I made the most odd cross.
If these eggs hatch and I keep them growing nicely...
Spoof my black PK and Sakura my Cambodian VT spawned....
So Sakura was getting bullied in the sorority and I took her out (since I lost Ami to what I think was bullying stress) and placed her with spoof with a divider in between, lo and behold sakura jumped over, while I was gone of all times to do that!
I FREAKED, gah females can jump high.
but when I looked in the bubblenest, I was so amazed, there are little tiny eggs in there.
Now I definitely gotta get on the ball, I have jars and all the feeding stuff from where I was going to try akira and Spoof so no worries.
Microworms, bbs all that good stuff.
I just can't believe it happened so quickly good god.
The eggs are making me speechless, in the bubbles.
Geesh no more experiments for me.... 
Time to get plastic wrap over the tank, this will be hard,.


----------



## Jennyinurmouth (Apr 6, 2010)

well I mean I had been meaning to breed the two, I just didn't expect that.
but I see baby fish eyeballs O.O


----------



## sjones (Apr 28, 2010)

wow! pictures?


----------



## CodeRed (Jun 11, 2009)

Heheh, glad everything worked out okay!

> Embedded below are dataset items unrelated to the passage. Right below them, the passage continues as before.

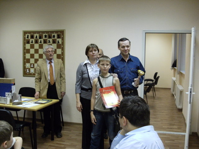 В воскресенье 29 ноября, в День матери России, на Беговой прошел турнир по быстрым шахматам «Семейная ладья». В рапиде играли семейные команды, состоящие из трех человек: двое взрослых и ребенок до 14 лет (допускались и команды, состоящие из двух детей и одного взрослого). Побороться за призы – а они были весьма привлекательные: путевка в санаторий, ноутбук и dvd-проигрыватель – пришли 14 команд. Особо выделялись две семьи – Воробьевых и Рычаговых, в которых папы – гроссмейстеры, а мамы – мастера. Но победила в турнире семья Масловых (в составе: Андрей, Ирина и Иван), они заработали путевку на троих в санаторий «Чайковский». Вторыми стали Воробьевы (Евгений, Ольга и Иван) и получили ноутбук. Третий приз получили Северины (Мария, Руслан и Алексей).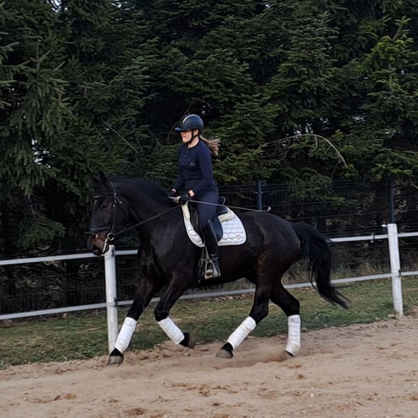 Afrodyta - Castrona Schlesiana con pedigree completo e libro genealogico principale 4 anni, altezza 1,68 m. È una splendida castrona schlesiana, nata nel 2022. Con il suo elegante mantello scuro e un'altezza di 168 cm, non è solo un vero colpo d'occhio, ma anche un ottimo cavallo da dressage. È anche abile al carro, è stata trainata a 2, con carro doppio. Questa cavalla si distingue per il suo carattere amichevole e socievole. È ben educata, buona nel maneggio, conosce cani e gatti. I suoi movimenti sono agili ed espressivi. Un fantastico cavallo da tempo libero. La cavalla è in buona salute, senza ferrature, e compatibile con il branco. Per interessi o ulteriori domande, sono a disposizione. Visite e prove di monta sono possibili su appuntamento.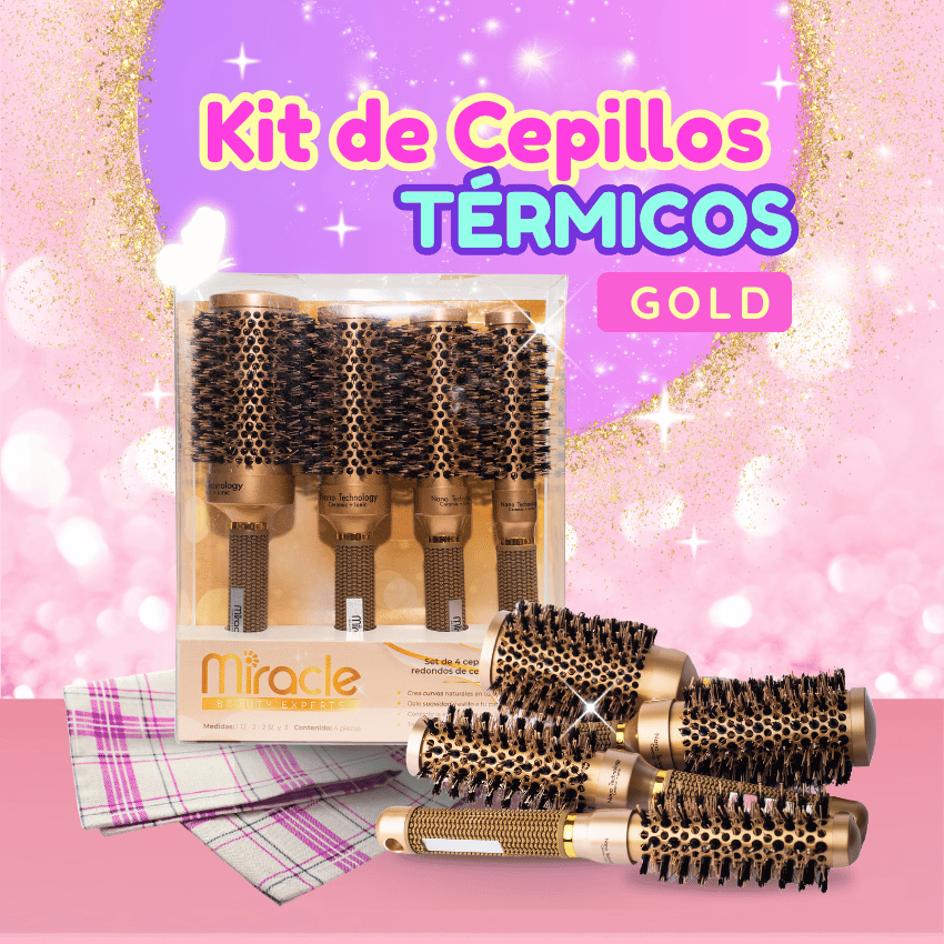 Logra peinados profesionales con nuestro Combo de Cepillos Térmicos Dorados (x4). Sus diferentes tamaños distribuyen el calor para un secado rápido, volumen y brillo sin frizz. ¡El set esencial para un cabello espectacular!

It must be a bit rough to start like this! Tank not set up how you want it yet, and so on.


----------



## Jennyinurmouth (Apr 6, 2010)

Oh yeah, I can't get a picture of the eggs in there, it looked like eyeballs, but they were still white eggs, it has only been about 18 hours, I think.
I doubt they will hatch because I spent so much time decreasing the water level so when they hatch they won't fall and not get up... and I basically emptyied the aquiarum without disturbing that side, AND took out the gravel, so I don't know if alll the activity would hurt the hatch rate.
I mean I would rather have clean water for the chance that they DO hatch, than to let them hatch in dirty water, you know?
Spoof is great, he didn't even nip the girl O.O she was perfectly fine.
Yall remember the accident of sppof tearing Akira up O.O
but He is being a GREAT father and under the nest and looking at me so proud.
I hope they do hatch even if I had to do emergency changes...
I am going to feed them infusria and that ghetto rubbed together egg yolk if the microworms don't start working O.O
Jeez...
I am ridicuosly happy though.
This is my first spawn, after like 5 years of reading and reasearching and indescision.


----------



## beta novice (May 9, 2010)

congrats


----------



## Jennyinurmouth (Apr 6, 2010)

hmm it has been 3 days and still nothing but eggs =/


----------



## Alienbetta1 (May 9, 2010)

Congratz can't wait till they hatch!


----------



## Romad (Jun 28, 2009)

Good luck. Hope they hatch!


----------



## Sarada (May 11, 2010)

Exciting, hope it works.


----------



## Alexanderismylife (Jun 14, 2010)

Exciteing!!! Can't wait to see the fry!


----------



## Jennyinurmouth (Apr 6, 2010)

Nothing is happening O.O jeez I don't think they are... I don't see anything but little eggs with little dark spots


----------



## sjones (Apr 28, 2010)

well? any news


----------



## Alienbetta1 (May 9, 2010)

*Gasp*I hope there okay.


----------



## Jennyinurmouth (Apr 6, 2010)

No after all this time I doubt they will hatch >.<


----------



## Terranariko (May 6, 2010)

Jennyinurmouth said:


> No after all this time I doubt they will hatch >.<


Just let em be, out of all the eggs at least one will hatch hopefully.

and if they do hatch, take some pictures. XD


----------